→ ABOUT THIS TASK:
What's needed is an exact copy of all the data below, without pictures.

Collected data
══════════════════════════════
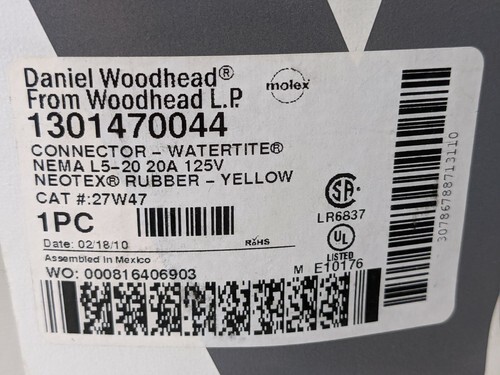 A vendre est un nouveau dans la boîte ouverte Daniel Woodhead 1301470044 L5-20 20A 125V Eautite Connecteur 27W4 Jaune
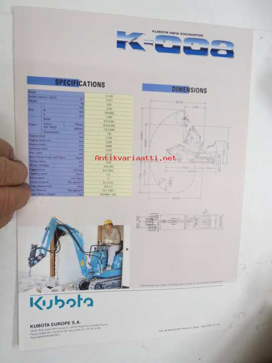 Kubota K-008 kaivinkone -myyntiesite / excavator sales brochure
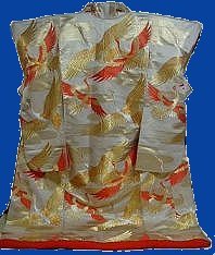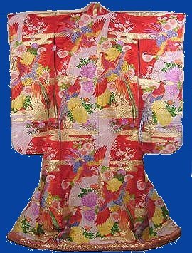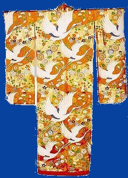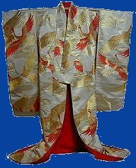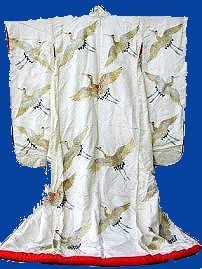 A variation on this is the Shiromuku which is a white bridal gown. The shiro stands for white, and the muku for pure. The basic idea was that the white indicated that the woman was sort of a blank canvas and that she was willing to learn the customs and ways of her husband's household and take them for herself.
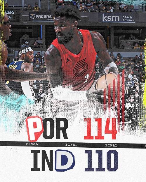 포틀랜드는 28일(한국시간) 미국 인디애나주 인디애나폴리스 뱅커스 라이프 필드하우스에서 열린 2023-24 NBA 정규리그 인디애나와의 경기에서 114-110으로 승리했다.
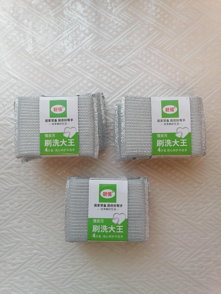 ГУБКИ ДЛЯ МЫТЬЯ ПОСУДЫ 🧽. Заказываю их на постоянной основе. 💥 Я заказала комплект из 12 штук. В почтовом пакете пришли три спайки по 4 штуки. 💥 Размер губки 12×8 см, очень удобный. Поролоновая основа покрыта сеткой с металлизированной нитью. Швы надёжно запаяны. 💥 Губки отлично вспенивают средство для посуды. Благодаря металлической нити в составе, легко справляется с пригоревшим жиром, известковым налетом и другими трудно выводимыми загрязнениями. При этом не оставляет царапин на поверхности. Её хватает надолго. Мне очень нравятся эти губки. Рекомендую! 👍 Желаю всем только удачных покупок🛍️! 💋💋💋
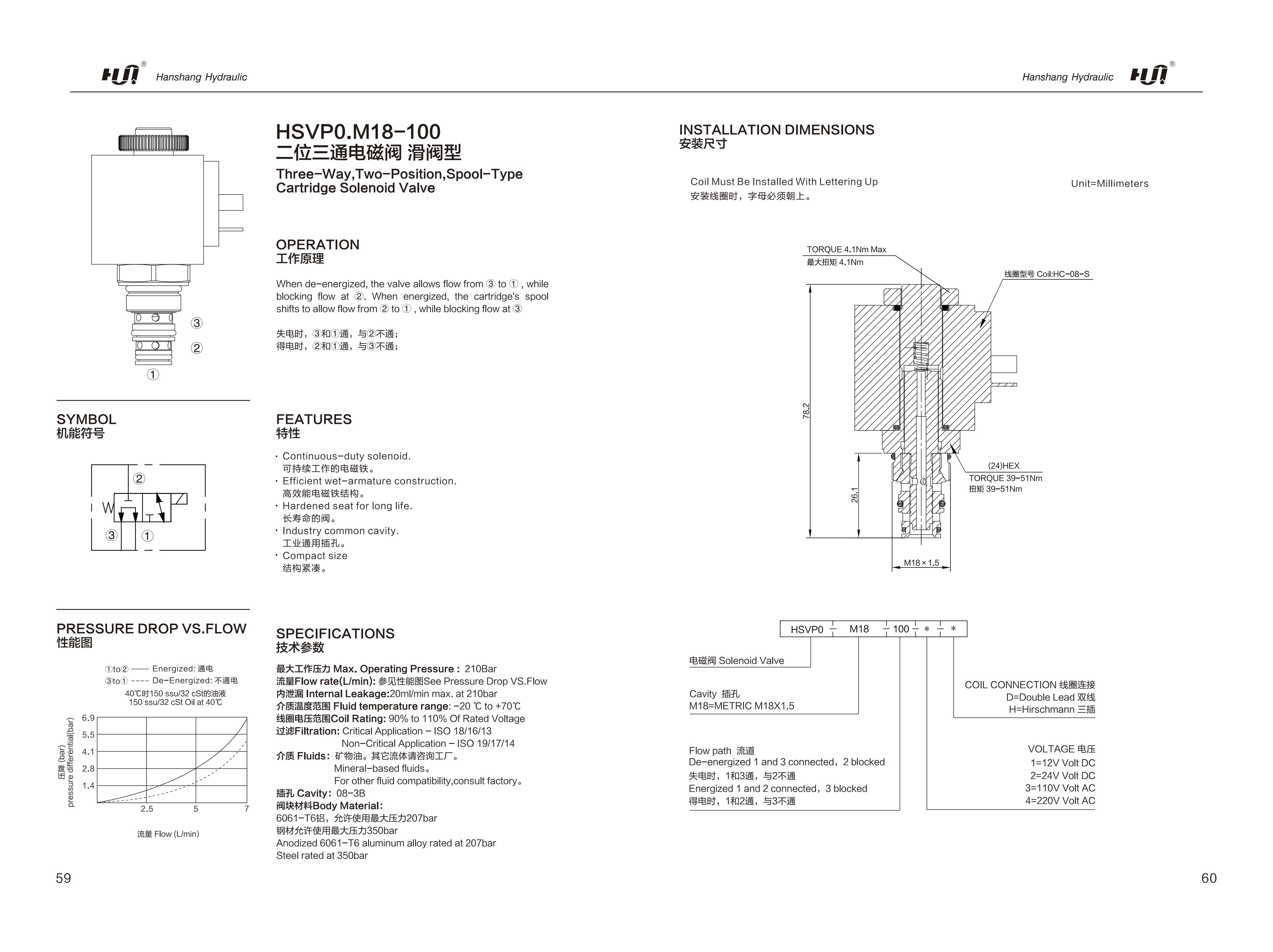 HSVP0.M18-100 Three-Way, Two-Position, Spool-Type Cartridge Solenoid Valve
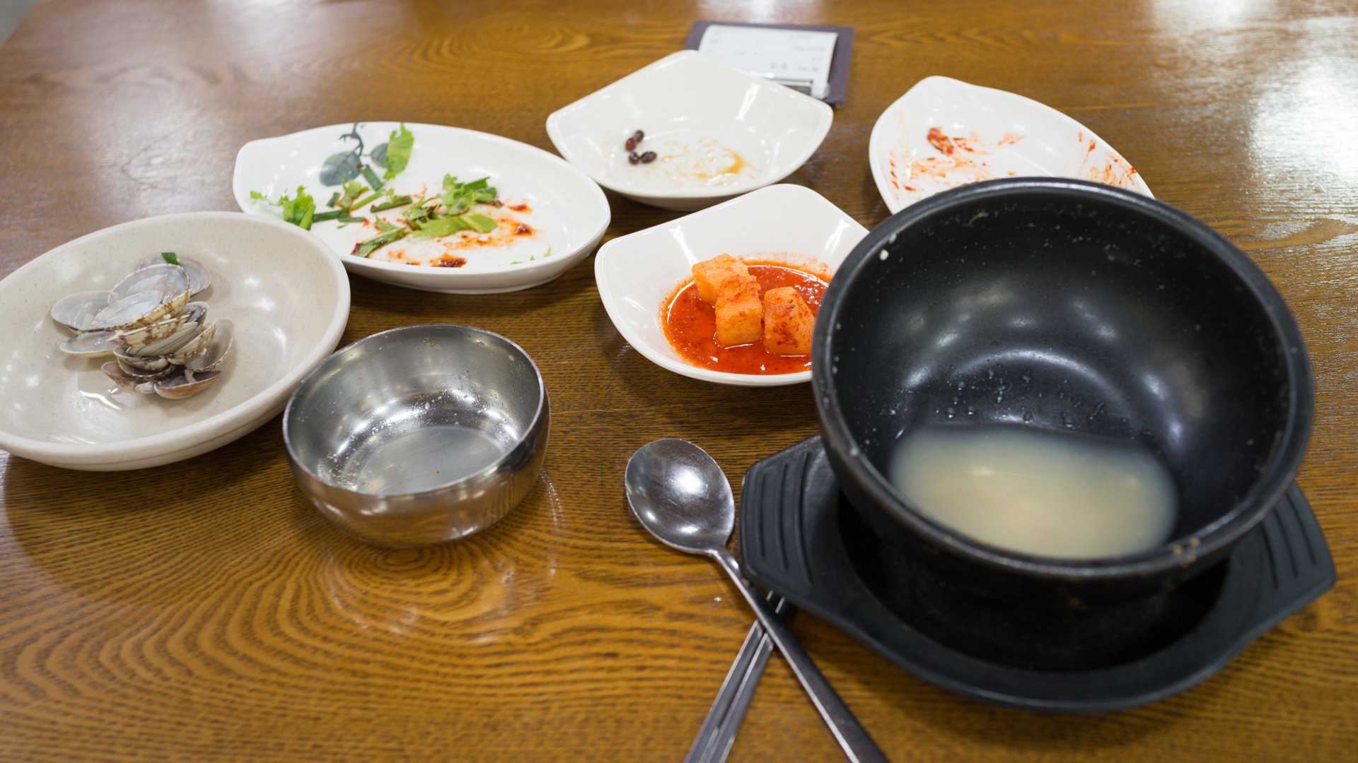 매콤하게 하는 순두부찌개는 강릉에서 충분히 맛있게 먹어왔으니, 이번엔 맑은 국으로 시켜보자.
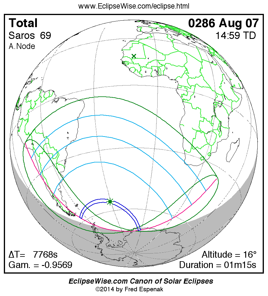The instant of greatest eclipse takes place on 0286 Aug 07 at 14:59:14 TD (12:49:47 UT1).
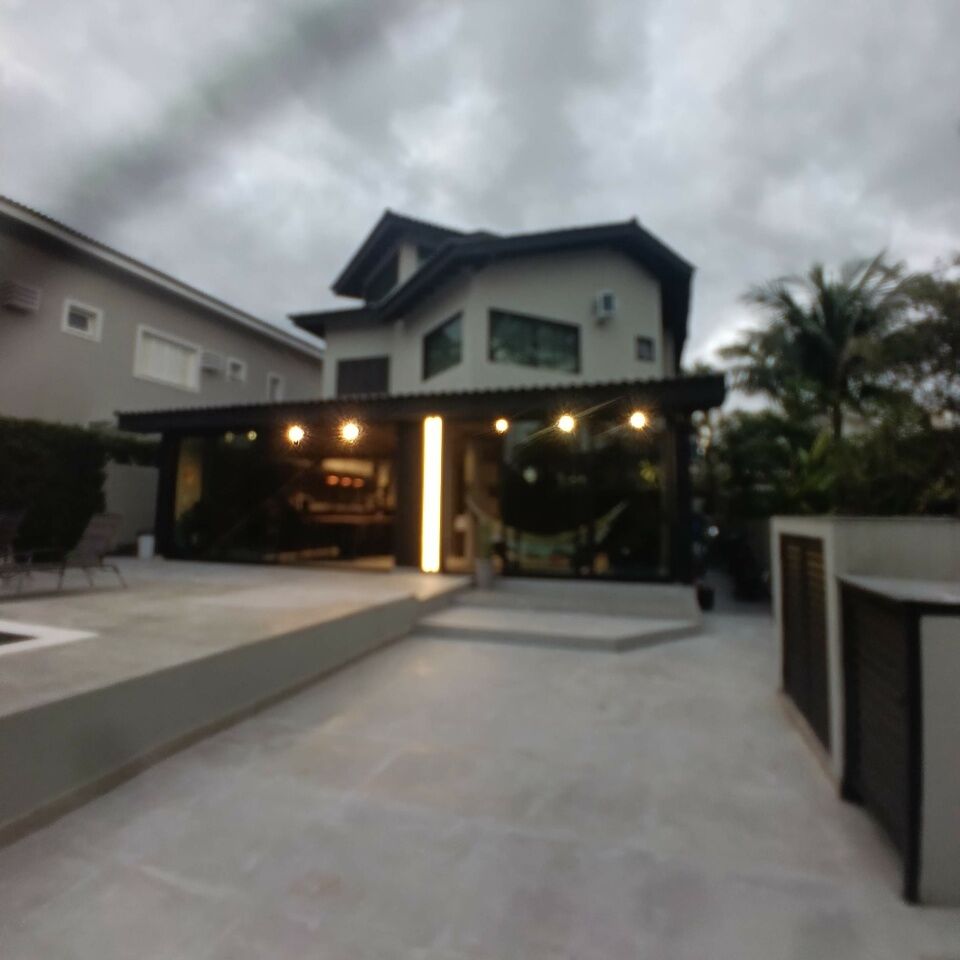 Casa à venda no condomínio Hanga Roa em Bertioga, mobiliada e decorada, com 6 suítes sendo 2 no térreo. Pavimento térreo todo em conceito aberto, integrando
══════════════════════════════
→ SOLUTION FOR THIS PROBLEM:
 A vendre est un nouveau dans la boîte ouverte Daniel Woodhead 1301470044 L5-20 20A 125V Eautite Connecteur 27W4 Jaune
 Kubota K-008 kaivinkone -myyntiesite / excavator sales brochure
 A variation on this is the Shiromuku which is a white bridal gown. The shiro stands for white, and the muku for pure. The basic idea was that the white indicated that the woman was sort of a blank canvas and that she was willing to learn the customs and ways of her husband's household and take them for herself.
 포틀랜드는 28일(한국시간) 미국 인디애나주 인디애나폴리스 뱅커스 라이프 필드하우스에서 열린 2023-24 NBA 정규리그 인디애나와의 경기에서 114-110으로 승리했다.
 ГУБКИ ДЛЯ МЫТЬЯ ПОСУДЫ 🧽. Заказываю их на постоянной основе. 💥 Я заказала комплект из 12 штук. В почтовом пакете пришли три спайки по 4 штуки. 💥 Размер губки 12×8 см, очень удобный. Поролоновая основа покрыта сеткой с металлизированной нитью. Швы надёжно запаяны. 💥 Губки отлично вспенивают средство для посуды. Благодаря металлической нити в составе, легко справляется с пригоревшим жиром, известковым налетом и другими трудно выводимыми загрязнениями. При этом не оставляет царапин на поверхности. Её хватает надолго. Мне очень нравятся эти губки. Рекомендую! 👍 Желаю всем только удачных покупок🛍️! 💋💋💋
 HSVP0.M18-100 Three-Way, Two-Position, Spool-Type Cartridge Solenoid Valve
 매콤하게 하는 순두부찌개는 강릉에서 충분히 맛있게 먹어왔으니, 이번엔 맑은 국으로 시켜보자.
The instant of greatest eclipse takes place on 0286 Aug 07 at 14:59:14 TD (12:49:47 UT1).
 Casa à venda no condomínio Hanga Roa em Bertioga, mobiliada e decorada, com 6 suítes sendo 2 no térreo. Pavimento térreo todo em conceito aberto, integrando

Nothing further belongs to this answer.